You can't return array from a function, but It is possible that you can declare a function returning a (reference in C++) or pointer to array as follows:

int myIntArray[] = {1, 2, 3, 4, 5};

int (*ReturningArray())[sizeof(myIntArray)/sizeof(int)] {

    return &myIntArray;
}

Answer 2

There's multiple reasons why this doesn't work.

The first is simply that it's prohibited by the language - the return type of a function shall not be an array (it also can't be a function).

The second is that even if you were allowed to declare ReturningArray as you do, you could never write a valid return statement in that function - an expression with array type that is not the subject of the unary & or sizeof operators evaluates to a pointer to the first element of the array, which no longer has array type. So you can't actually make return see an array.

Thirdly, even if we somehow had a function returning an array type, you couldn't use that return value as the initialiser of an array variable - the return value would again evaluate to a pointer to the first element of the array: in this case a pointer to int, and a pointer to int isn't a suitable initialiser for an array of int.

Answer 3

PassingArray is legal, but it does not pass an array. It passes a pointer to the first element of an array. void PassingArray(int arr[]) is a confusing synonym for void PassingArray(int *arr). You can't pass an array by value in C.

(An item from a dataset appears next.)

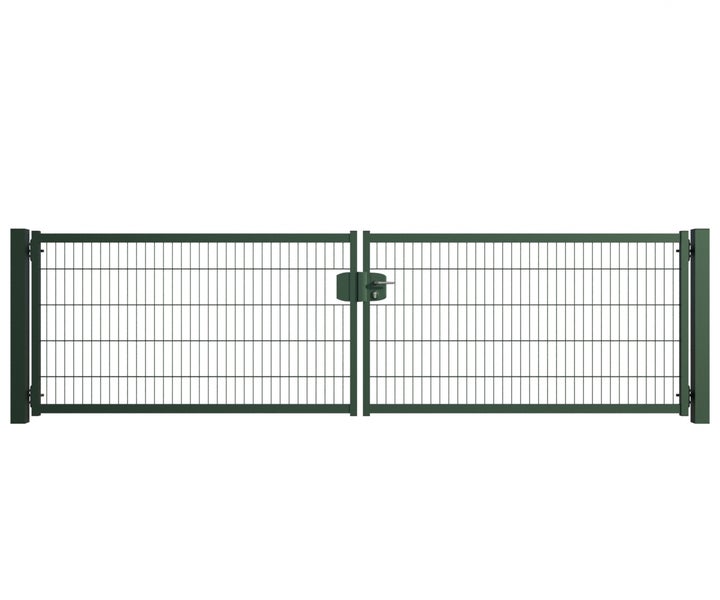 Gartentor ZAUNGURU BASIC-Line Berlin aus Metall, Höhe: 103cm, Breite: 388cm, 2-flügelig inkl. Pfosten, Schloss und Zubehör, Feuerverzinkt und zusätzlich in RAL 6005 Moosgrün pulverbeschichtet
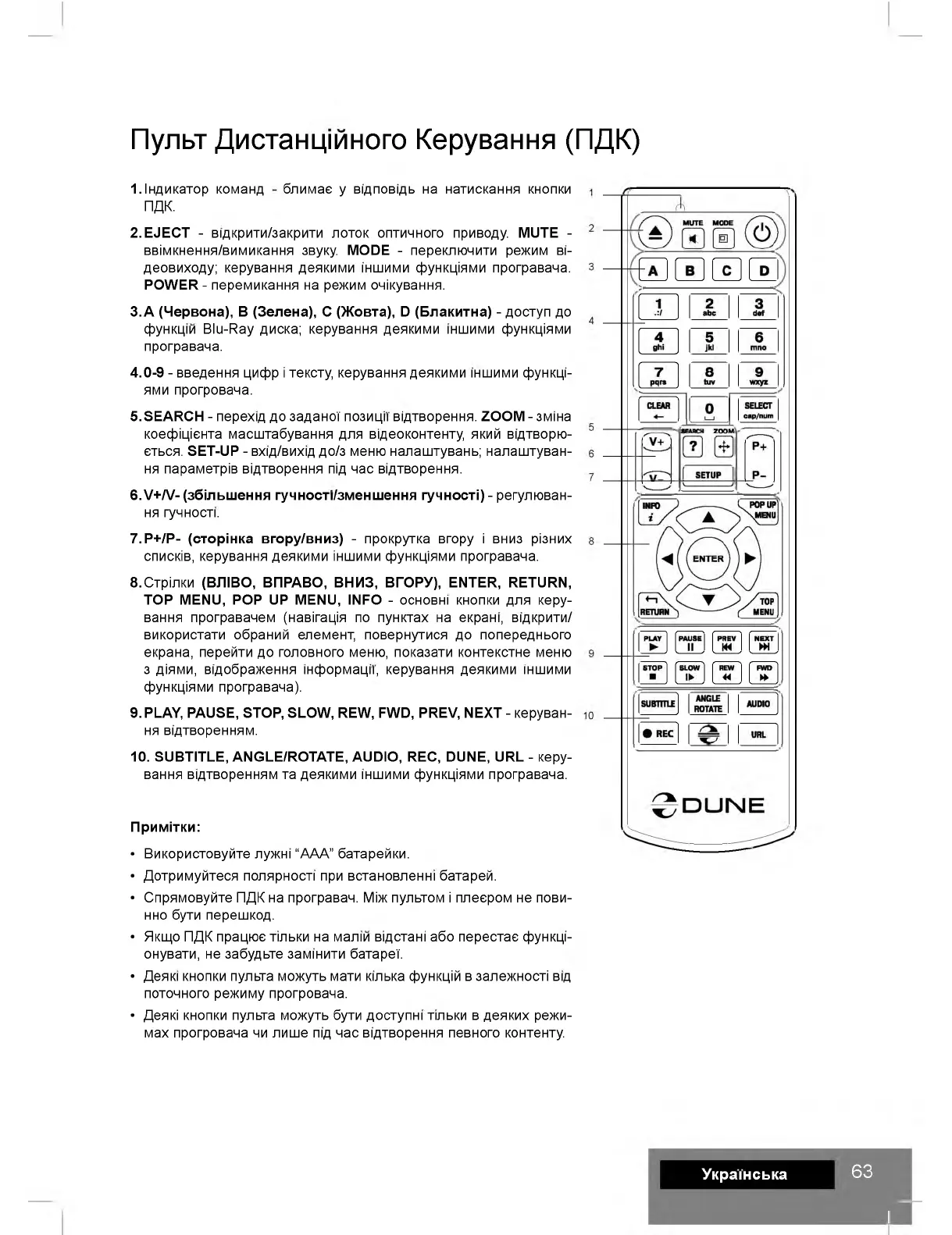 • Деяга кнопки пульта можуть мати ктька функцiй в залежностi вщ

ReturningArray is not allowed, you can't return an array by value in C either. The usual workaround is to return a struct containing an array:

typedef struct ReturnArray {
    int contents[5];
} ReturnArray;

ReturnArray ReturningArray()
{
    ReturnArray x = {{1, 2, 3, 4, 5}};
    return x;
}

Arrays are second-class citizens in C, the fact that they can't be passed or returned by value is historically related to the fact that they can't be copied by assignment. And as far as I know, the reason for that is buried in the early development of C, long before it was standardized, when it wasn't quite decided how arrays were going to work.

Answer 4

There are several problems with this code.

1. You are placing the brackets at the wrong place. Instead of

   int ReturningArray()[]
   

   it should be

   int* ReturningArray()
   

2. You are returning a local variable. Local variables only exist during the execution of the function and will be removed afterwards.

In order to make this work you will have to malloc the int array and return the pointer to the array:

#include <stdio.h>
#include <malloc.h>

#define SIZE 5

int* ReturningArray()
{
    int *myIntArray = (int *)malloc(SIZE * sizeof(int));
    myIntArray[0] = 1;
    myIntArray[1] = 2;
    myIntArray[2] = 3;
    myIntArray[3] = 4;
    myIntArray[4] = 5;
    return myIntArray;
}

int main(void)
{
        int i;
        int* myArray = ReturningArray();
        for(i=0;i<SIZE;i++) { 
                printf("%d\n", myArray[i]); 
        }
        free(myArray); // free the memory again
        system("PAUSE");
        return 0;
}

Answer 5

You're not returning an int, but you're returning the array. This is the same value as &myIntArray[0]. int ReturningArray()[] is not a valid function prototype.